Here's to old friends...
I don't exactly remember how old we were when we met, but I remember the day. I remember the instant conversation we launched into about what kind of music we liked, and although we were supposed to be bitter rivals, (*Nsync vs. Backstreet), we bonded over our mutual love of 90's boy bands. We spent the entire night in that garage at Brianhead blasting music from the car and dancing, comparing narratives of our lives lived thus far. It was an instant friendship, a friendship that at one point was as strong as the relationship between some sisters.
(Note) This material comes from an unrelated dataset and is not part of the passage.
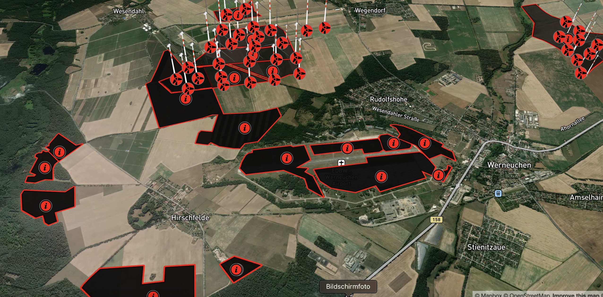 Infrastrukturelle Herausforderungen: Die Errichtung der Wind- und Solarparks erfordert erhebliche Infrastrukturinvestitionen, wie z.B. den Bau von Zufahrtsstraßen und die Verstärkung des Stromnetzes. Dies kann zu erheblichen Störungen im lokalen Verkehr und zur Beeinträchtigung von Acker- und Waldflächen führen. Dazu müssen diese Kosten von der Region Barnim und auch dem Land Brandenburg mitfinanziert werden. Die geringen Beiträge (Windeuros) der Anlagenbetreiber kompensieren die Gesamtausgaben hierbei in keinem Maße.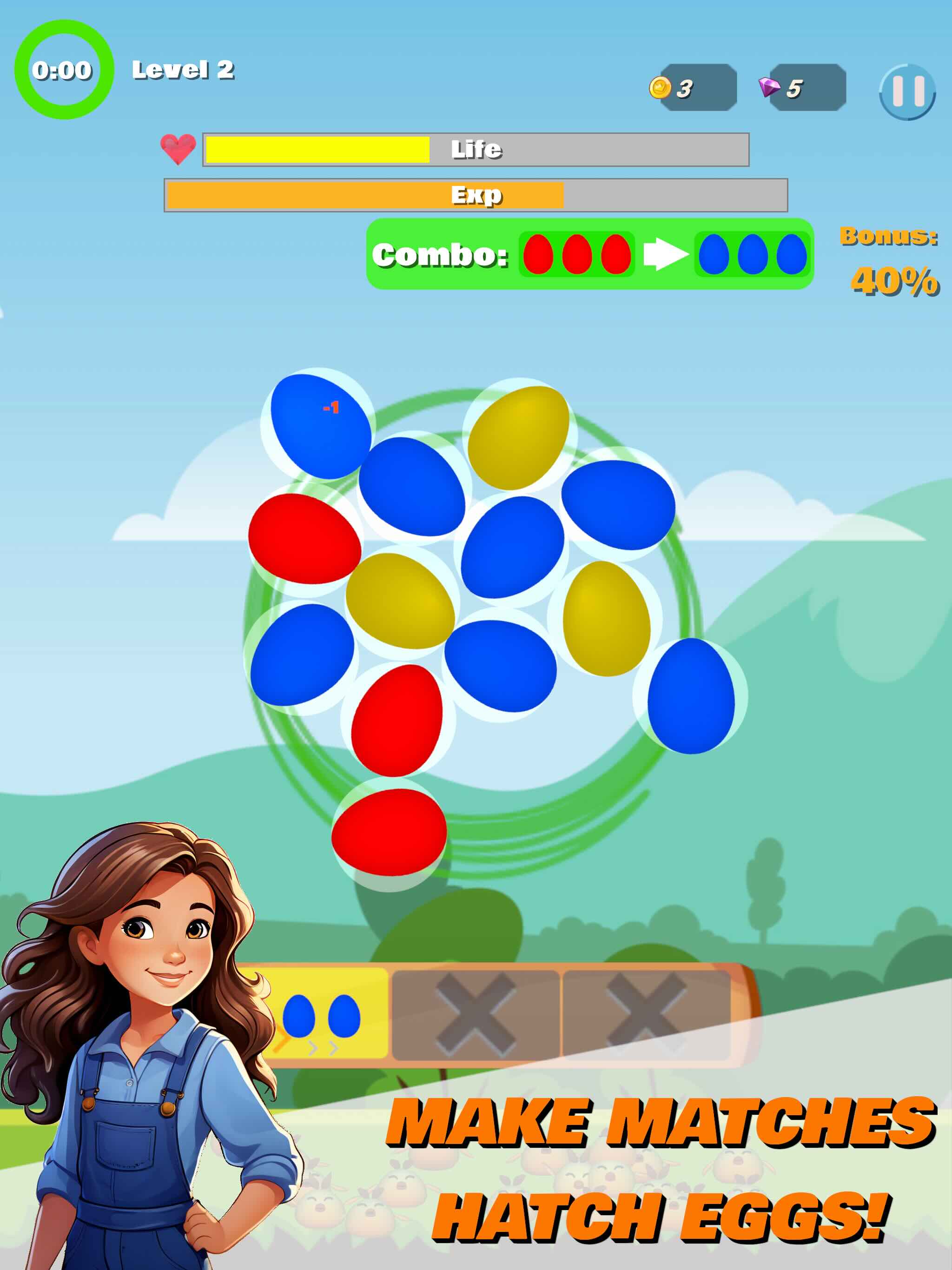 Play Hatcher, the speed game for mobile where you try and hatch as many eggs as possible before they overflow. Level up to increase your Hatchers speed, capacity, and earn special abilities as you make your way through multiple worlds.

The next 4-5 years of our teenage years were similarly spent like that first night in the garage--dancing and laughing our way through life. We did EVERYTHING together. Anywhere I went, you went, and anywhere you went, I followed. Our friendship was a constant adventure of mostly high's and the occasional unfortunate low that only strengthened us. We carefully navigated high school, got each other through heartbreak, attended as many concerts as we possibly could, and blew WAY too much money on concert merch. All in all, our lives weren't all that bad! It was like that until the day I was forced to make the biggest decision I'd have to make to date--It was with that decision that our previously shared road to adulthood started to divide.
It was only a few days after making the initial decision to leave home that I was saying goodbye to the one person that meant the most to me at that time in my life. When your home life isn't the greatest, you make your friends your family, and you were the sister I needed during those difficult times. In fairy tales, a prince on a white horse always saves the girl—I just so happened to have a girl in a Honda Civic come whisk me away from home.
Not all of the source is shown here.